女性には免罪符がなく、手抜きを許さない時代--『くらべない幸せ』を書いた香山リカ氏(精神科医、立教大学現代心理学部教授)に聞く
--まだ男性優位?
男性をめぐる社会の扱いに差がある。たとえばビル・ゲイツに対して、あの人はおたくでファッションもダサいなどと言う人はまずいない。カッコウの問題などどうでもよく、全人的にすごいよね、となる。このように男性はめざましい実績を残していれば、ほかのことは許されるところがある。
テロリストの味方か、さもなければアメリカの味方かというような、単純な2分法的な世界から発して、私はどちらでもない、あるいはもっとあいまいだ、とかそういう中途半端な立場がどこでも許されない。
特に女性は、性格的にはおとなしいが、こんなよいところもあるというような生き方が認められず、ばりばりやっているか、さもなければ負け組かみたいな、単純な勝ち負けに分ける2分法が横行している。
--男女が同じ基準で評価されない、と。
いままで日本人が刷り込まれてきたものを覆すのは難しいようだ。
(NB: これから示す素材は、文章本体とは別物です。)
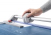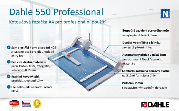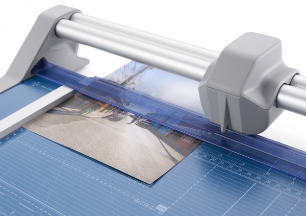 Profesionální kotoučová a velkoformátová řezačka pro každodenní použití. Samo-ostřící horní a spodní nůž z tvrzené oceli pro dlouhodobě přesný řez. Určeno pro více druhů materiálů: papír, karton, textil, fotografie a fólie. Uzavřená hlava nože s vylepšenou ergonomií těla zajišťuje vysokou míru bezpečnosti. Stabilní rozšířený kovový stůl s neklouzavými pryžovými podložkami. Nová dvojitá vodící lišta z hliníku pro ještě přesnější řez. Natištěné úhly a DIN formáty usnadňují vyrovnání řezaného materiálu. Dva příložníky s dělením v mm a nastavitelným zadním dorazem pro fixaci řezaného materiálu a 90° řez. Automatický přítlak v místě řezu pro rychlé zafixování řezaného materiálu. Pro úsporu místa možnost montáže na stěnu. Dodáváno včetně montážního klíče pro výměnu kotoučové hlavy. Lze dokoupit: náhradní řezací hlava. Vyrobeno v ČR.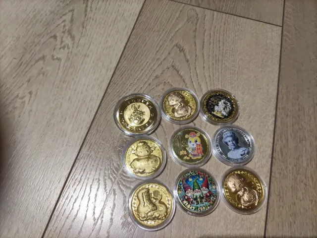 Detalles del productoConjunto de nueve monedas conmemorativas, cada una con un diseño único y detallado.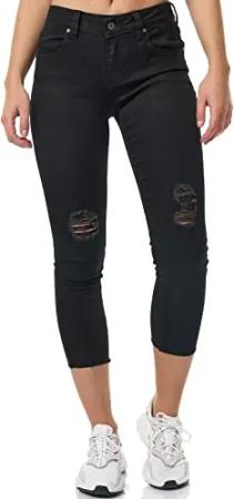 Skinny Fit Jeans Hose Damen Jeanshose mit Stretch im 5-Pocket-Style F105 (38, Schwarz)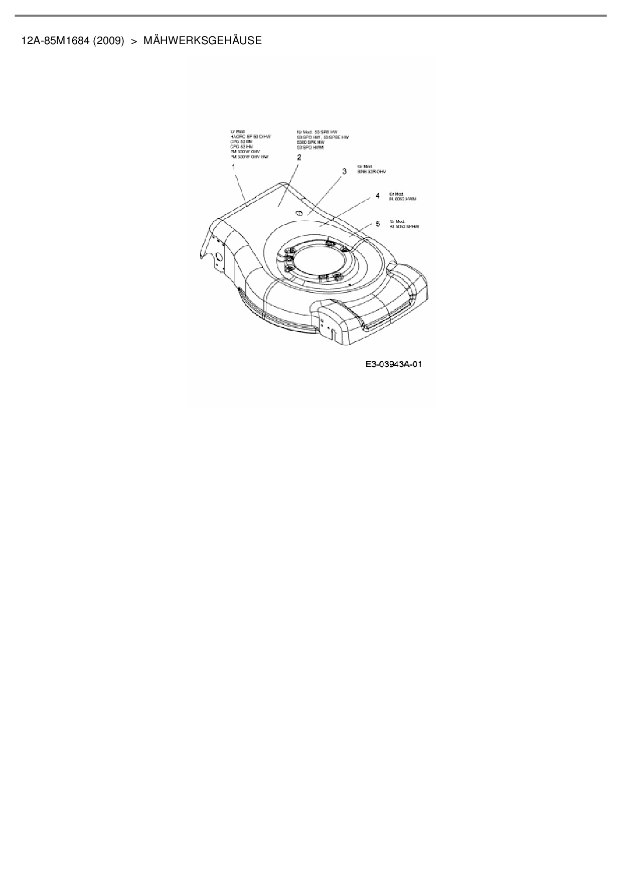 Ersatzteile für Motormäher mit Antrieb Bolens BL 5053 SPHW aus der Zeichnung Mähwerksgehäuse: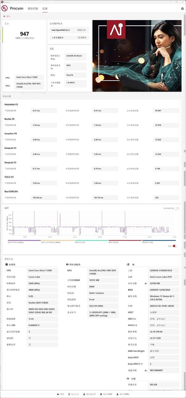 使用OpenVINO引擎,精度Float16,对NPU进行测试,最终得分947分,高于单独使用CPU或GPU的成绩。
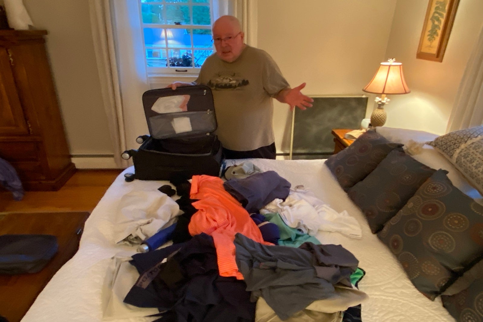 "I can't fit all that in there," my dad said, incredulous, as he looked from his pile of clothes to the brand-new Samsonite carry-on my mom had purchased years prior (but which had yet to see any use).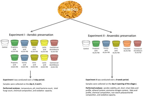Experiment I: mcWDGS underwent aerobic preservation. The material was placed in open, non-sealed plastic mini-silos of 15 L capacity in a storage chamber and maintained for 5 days at 25 °C, which is in line with Alvarez et al. (2019) [22] and Lehman and Rosentrater (2012) [14]. Each WDGS variant received a distinct additive and was prepared in triplicate, utilizing separate mini-silos for each replicate. A total of five different additives were used, each at two concentrations. All additives were incorporated during the mixing phase of the mcWDGS ingredients. Each additive was prepared by diluting it 50:50 (w/w) with distilled water. The final inclusion rates for these additives were 0.3% or 0.6% on a fresh matter (FM) basis, consistent with our preliminary findings and values recommended in the literature [25,32,33]. These additives included propionic (PA0.3%; PA0.6%), formic (FA0.3%; FA0.6%), citric (CA0.3%; CA0.6%), and lactic (LA0.3%; LA0.6%) acids, or a commercial acidifier mixture (CAM0.3%; CAM0.6%) (consisting of glycerin, propylene glycol propionic, lactic, orthophosphoric, formic, acetic, citric, and muriatic acid). The control variant (C1) was also prepared in triplicate, with mcWDGS preserved without any acidifier addition (Figure 1). Measurements in Experiment I were primarily performed on day 3 of preservation. This timeframe was selected based on practical considerations, such as typical transport to farms and storage duration, and aligns with the findings of Lehman and Rosentrater (2012) [14]. During the sampling procedure (at 0, 3, and 5 days of storage), mcWDGS was transferred from the mini-silos. Samples were either frozen at −20 °C for oxidative capacity analysis or dehydrated at 105 °C for chemical composition analysis. Analyses conducted on fresh material examined temperature, pH, total bacteria count (TBC), and total fungi count (TFC). For day 0, analyses such as TBC, TFC, chemical composition, and oxidative capacity were performed on a combined mean sample, assuming that these parameters would be uniform across all variants immediately after mixing due to the homogenous nature of mcWDGS. Subsequently, all variants were analyzed on the 3rd day. On day 5, however, analyses were performed exclusively on the mcWDGS variants that had not spoiled. The TBC, TFC, chemical composition, and oxidative capacity were analyzed on days 0, 3, and 5 of Experiment I; however, for day 0, only a mean value representing all the variants was given due to the practical impossibility of simultaneously collecting and preparing individual samples for each mcWDGS variant and replicate immediately upon additive application. Also, these chemical-physical analyses should not have been affected at day 0 in the same manner as pH was. Still, future studies should try to improve and incorporate collection time at day 0. Moreover, some samples appear to be missing by the 5th day of Experiment I; this was implemented on purpose, as these variants had already spoiled and would have been considered unsafe for livestock consumption. Analyzing feedstuff that could not be used in livestock nutrition would serve little to no purpose. The analyses performed during Experiment I were specifically designed to best illustrate and focus primarily on the effectiveness of conservation under aerobic conditions.

女性のほうもそういう時代が長く続いているので、かわいらしく振る舞い、男性に気に入られるほうが得と、対等に評価されることをハナからあきらめてしまう人たちもいる。
その人たちを非難するつもりはなく、それもサバイバルの方法だとは思うが。
--女性はことさらロールモデルを意識しますね。
女性の場合、時代によって継承される生き方が違ったので、その時代のシンボル的な人と、自分を比べてしまう人たちも少なくない。